From 642e450b6b5955f2059d0ae372183f7c6323f951 Mon Sep 17 00:00:00 2001
From: Magnus Karlsson <magnus.karlsson@intel.com>
Date: Wed, 16 Sep 2020 14:00:25 +0200
Subject: [PATCH 1/7] xsk: Do not discard packet when NETDEV_TX_BUSY

In the skb Tx path, transmission of a packet is performed with
dev_direct_xmit(). When NETDEV_TX_BUSY is set in the drivers, it
signifies that it was not possible to send the packet right now,
please try later. Unfortunately, the xsk transmit code discarded the
packet and returned EBUSY to the application. Fix this unnecessary
packet loss, by not discarding the packet in the Tx ring and return
EAGAIN. As EAGAIN is returned to the application, it can then retry
the send operation later and the packet will then likely be sent as
the driver will then likely have space/resources to send the packet.

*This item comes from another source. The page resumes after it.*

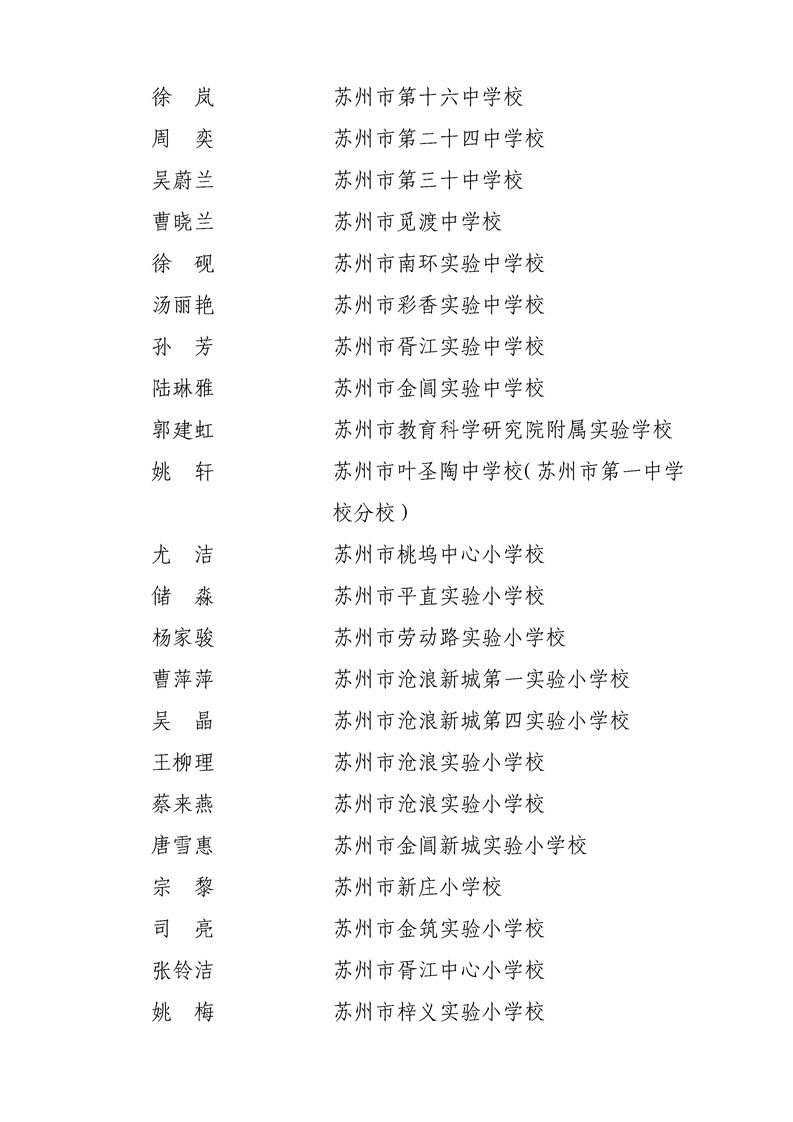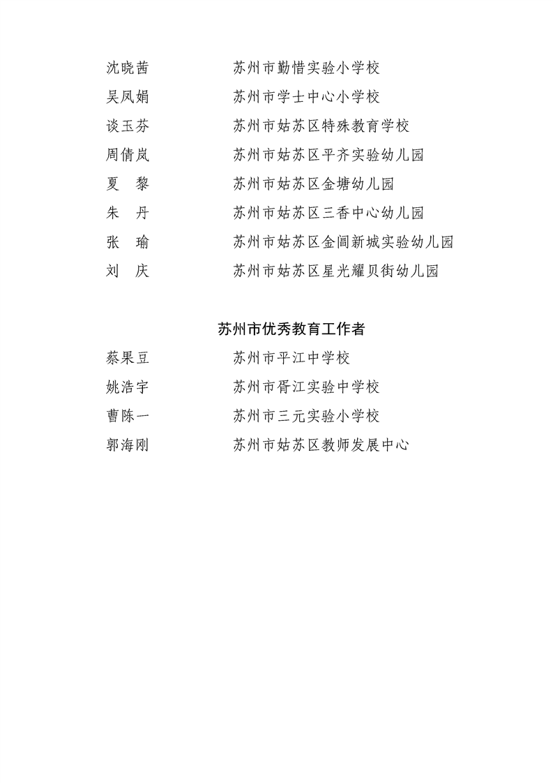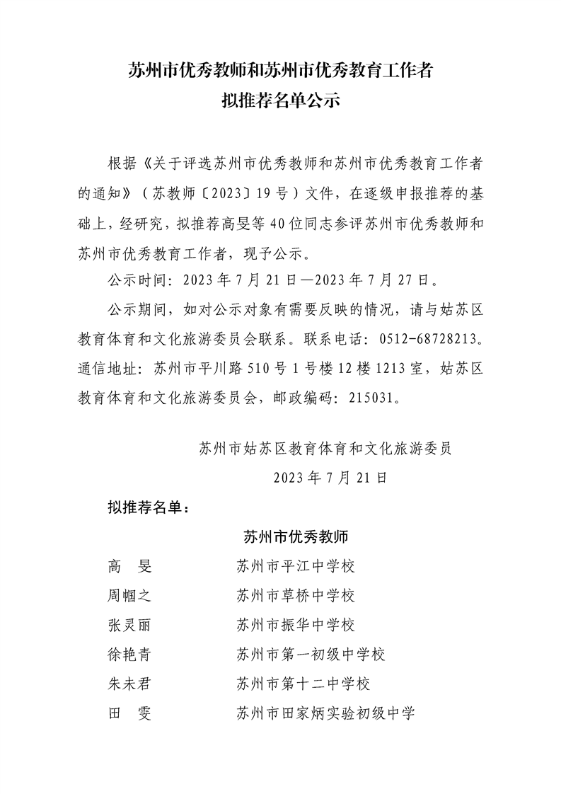 蘇州市優秀教師和蘇州市優秀教育工作者擬推薦名單公示

In summary, EAGAIN tells the application that the packet was not
discarded from the Tx ring and that it needs to call send()
again. EBUSY, on the other hand, signifies that the packet was not
sent and discarded from the Tx ring. The application needs to put
the packet on the Tx ring again if it wants it to be sent.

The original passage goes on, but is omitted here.